> **TASK BRIEF**
Omitting every picture, output the records below exactly, please.

START EXERCISE INPUT

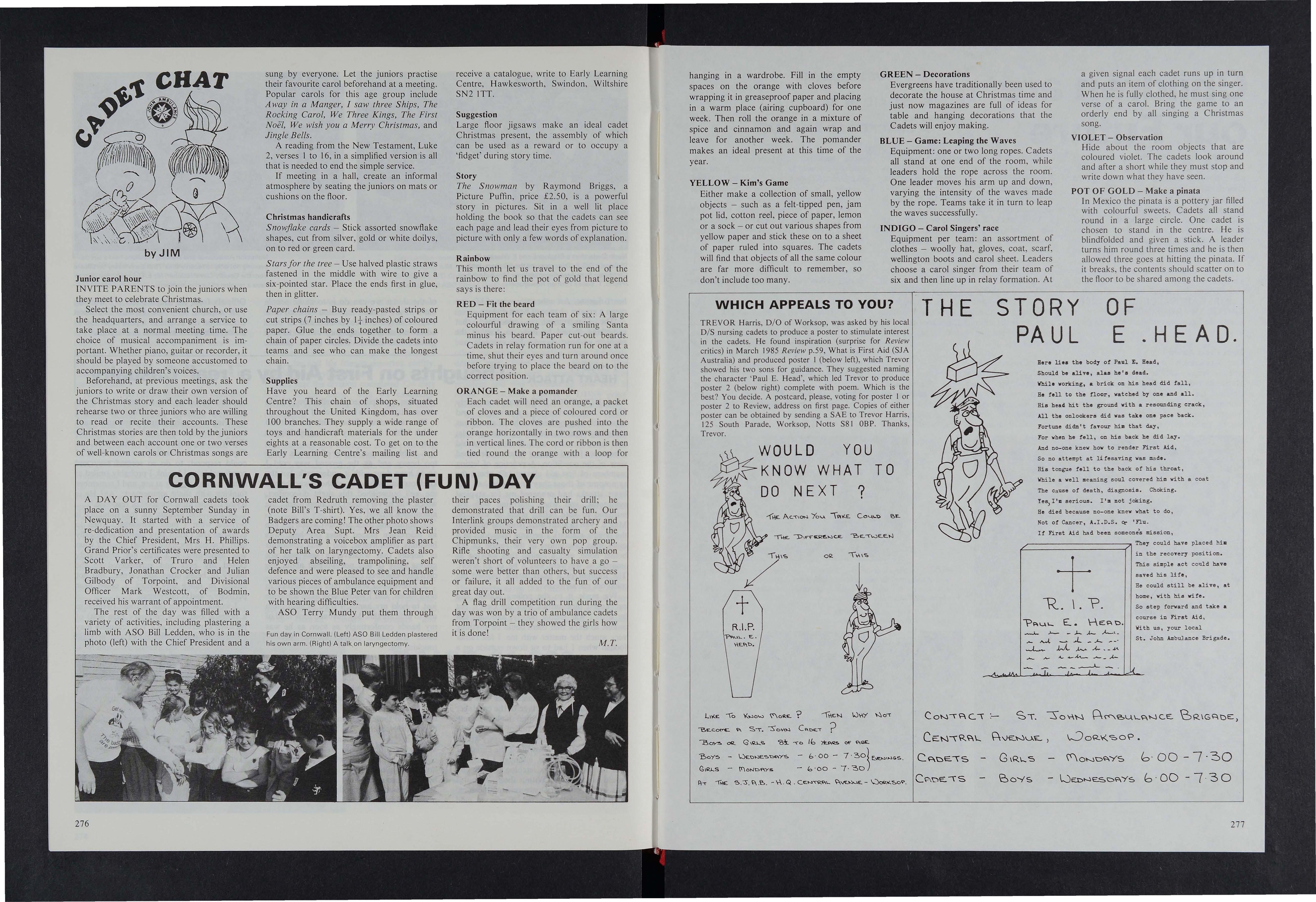Perhaps you may be having a fancy dress or a tramps party. Take a photo of cadets as they arrive and send someone with the film to the nearest shop that does one hour developing. Thus each cadet will be able to take their own special souvenir home with them. Invite parents to come and take part in all party activities and you may also like to invite some chi dren from a nearby residential home They will appreciate getting out of their normal surroundings and you may also be able to invite them to join the Division when meetings resume in the new year.
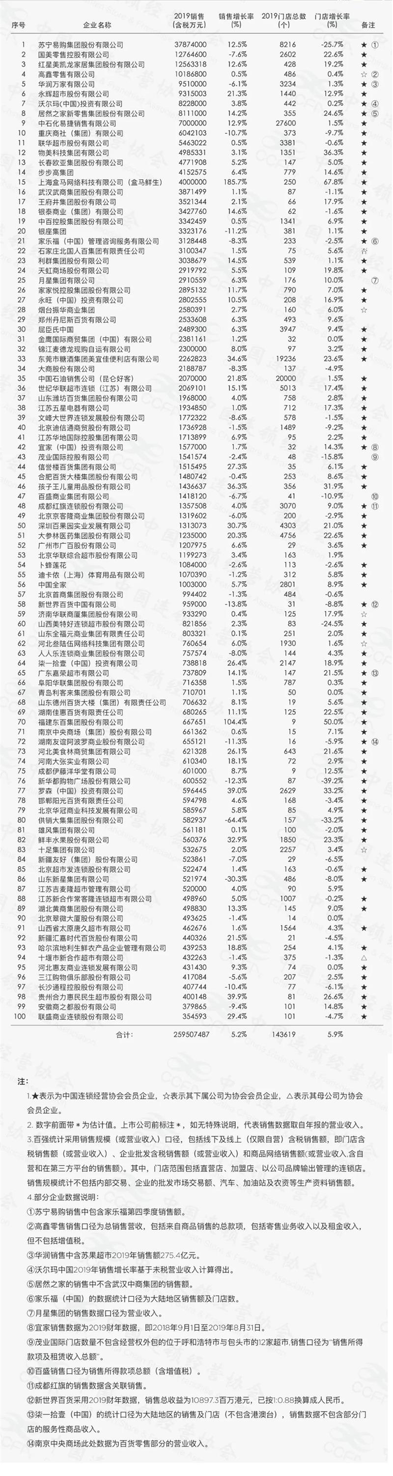 6月2日,中国连锁经营协会发布“2019年中国连锁百强”榜单,数据显示,91黑料 2019年全年销售9315003万元(含税),销售增长率达21.3%,位居百强榜单第六位,也是前十强中销售同比增长最快的企业。
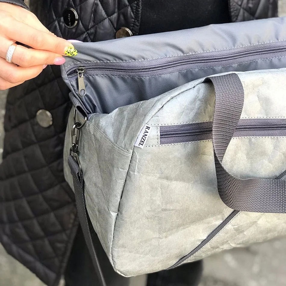 Сумка Hunty Gray выполнена из необычного Крафт материала Tyvek (Тайвек), который устойчив к дождю и снегу, его можно даже мыть в стиральной машине, в холодной воде. Материал ультра легкий и прочный.
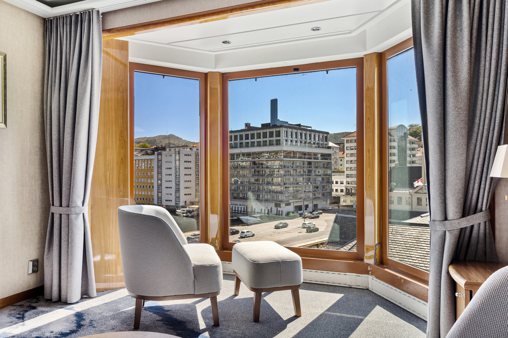 Skibets mest eksklusive kahytter. Disse komfortable suiter ligger på øvre dæk og har bl.a. siddegruppe, TV. Badeværelse med brus/toilet. De fleste med dobbeltsenge. I alle suiter er der badekåbe, tøfler og lækre badeprodukter.
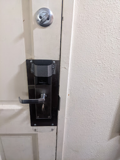 Had to go to the lobby to let the person behind the desk when we checked in that the door is not opening. He was very helpful and explains you have to pull the door toward you when siding your card, and then push it open to get in.
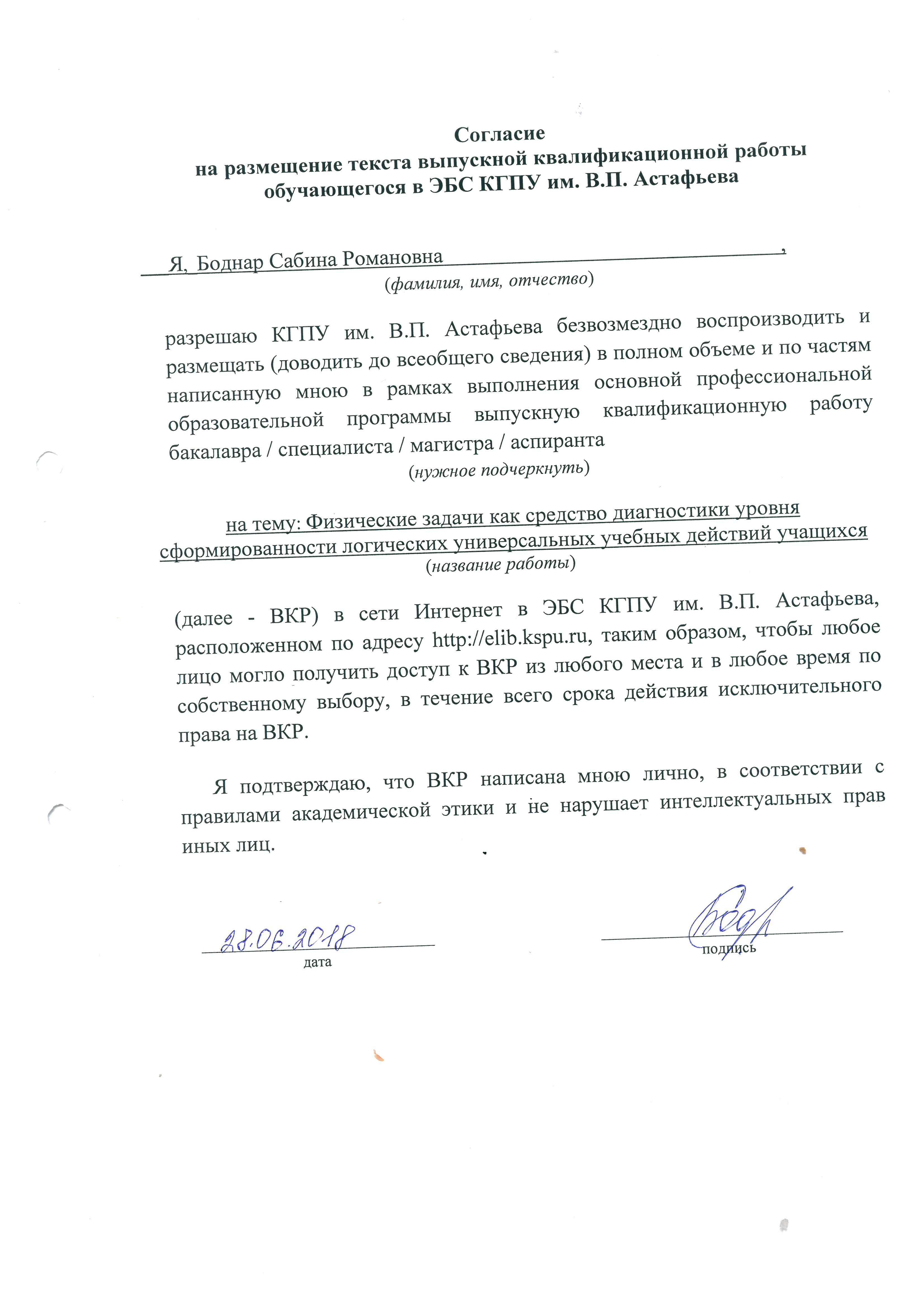 Физические задачи как средство диагностики уровня сформированности логических универсальных учебных действий учащихся

END EXERCISE INPUT

> **EXERCISE OUTPUT**
Perhaps you may be having a fancy dress or a tramps party. Take a photo of cadets as they arrive and send someone with the film to the nearest shop that does one hour developing. Thus each cadet will be able to take their own special souvenir home with them. Invite parents to come and take part in all party activities and you may also like to invite some chi dren from a nearby residential home They will appreciate getting out of their normal surroundings and you may also be able to invite them to join the Division when meetings resume in the new year.
 6月2日,中国连锁经营协会发布“2019年中国连锁百强”榜单,数据显示,91黑料 2019年全年销售9315003万元(含税),销售增长率达21.3%,位居百强榜单第六位,也是前十强中销售同比增长最快的企业。
 Сумка Hunty Gray выполнена из необычного Крафт материала Tyvek (Тайвек), который устойчив к дождю и снегу, его можно даже мыть в стиральной машине, в холодной воде. Материал ультра легкий и прочный.
 Skibets mest eksklusive kahytter. Disse komfortable suiter ligger på øvre dæk og har bl.a. siddegruppe, TV. Badeværelse med brus/toilet. De fleste med dobbeltsenge. I alle suiter er der badekåbe, tøfler og lækre badeprodukter.
 Had to go to the lobby to let the person behind the desk when we checked in that the door is not opening. He was very helpful and explains you have to pull the door toward you when siding your card, and then push it open to get in.
 Физические задачи как средство диагностики уровня сформированности логических универсальных учебных действий учащихся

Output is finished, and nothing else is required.